▼
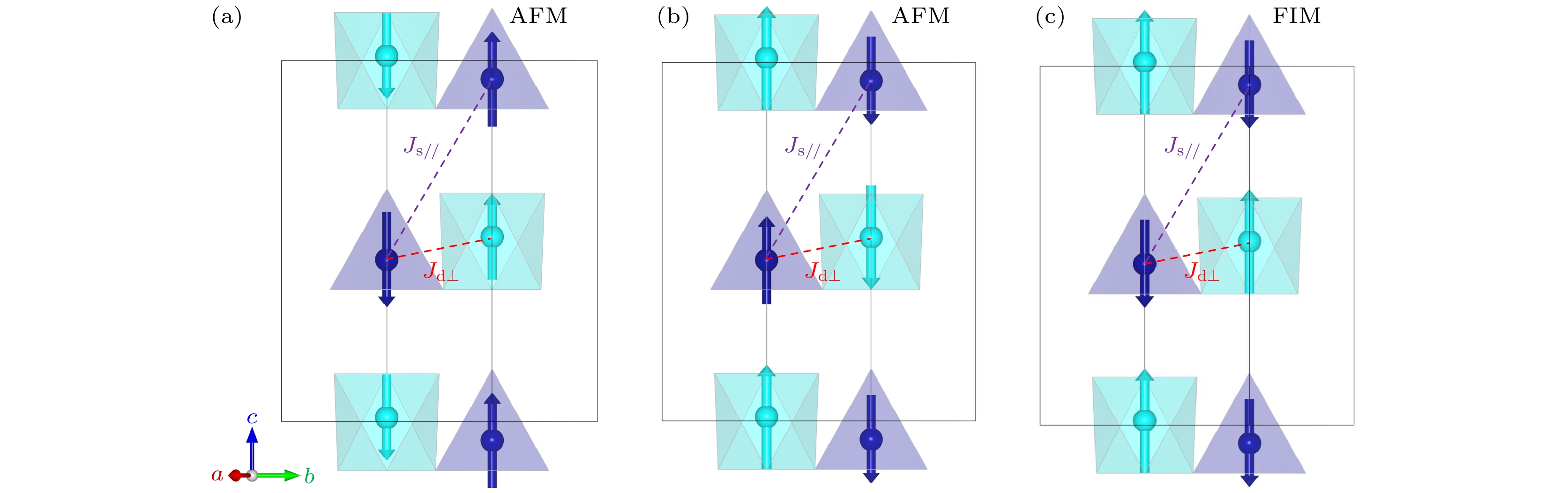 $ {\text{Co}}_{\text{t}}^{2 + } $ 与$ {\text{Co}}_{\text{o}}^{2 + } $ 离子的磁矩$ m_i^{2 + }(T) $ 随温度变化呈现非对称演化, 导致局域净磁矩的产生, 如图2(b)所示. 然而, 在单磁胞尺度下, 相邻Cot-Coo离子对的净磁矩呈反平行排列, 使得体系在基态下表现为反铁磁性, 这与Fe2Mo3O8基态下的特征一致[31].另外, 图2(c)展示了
▲
▼
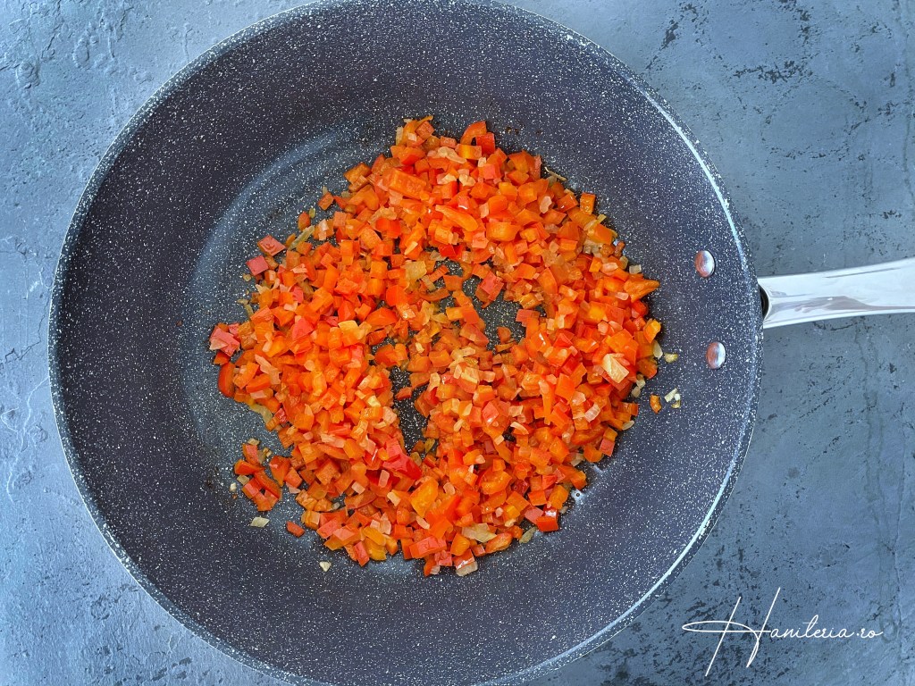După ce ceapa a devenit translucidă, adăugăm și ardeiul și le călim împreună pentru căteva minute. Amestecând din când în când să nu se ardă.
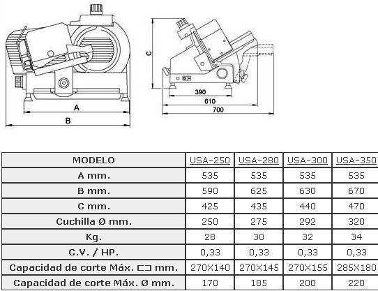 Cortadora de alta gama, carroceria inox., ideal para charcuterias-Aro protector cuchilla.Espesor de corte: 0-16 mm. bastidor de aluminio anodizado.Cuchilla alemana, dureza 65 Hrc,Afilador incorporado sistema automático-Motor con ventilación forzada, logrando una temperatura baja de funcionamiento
▲
▼
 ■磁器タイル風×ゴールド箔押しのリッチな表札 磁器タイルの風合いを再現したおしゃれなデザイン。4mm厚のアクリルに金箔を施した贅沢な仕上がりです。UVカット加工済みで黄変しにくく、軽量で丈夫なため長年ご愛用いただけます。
▲
▶ WHAT YOU ARE ASKED TO DO:
Word for word, write out the lines above running from the one with "După ce ceapa" up to and including the one with "Cortadora de alta". Drop any picture.

▶ EXERCISE RESULT:
După ce ceapa a devenit translucidă, adăugăm și ardeiul și le călim împreună pentru căteva minute. Amestecând din când în când să nu se ardă.
 Cortadora de alta gama, carroceria inox., ideal para charcuterias-Aro protector cuchilla.Espesor de corte: 0-16 mm. bastidor de aluminio anodizado.Cuchilla alemana, dureza 65 Hrc,Afilador incorporado sistema automático-Motor con ventilación forzada, logrando una temperatura baja de funcionamiento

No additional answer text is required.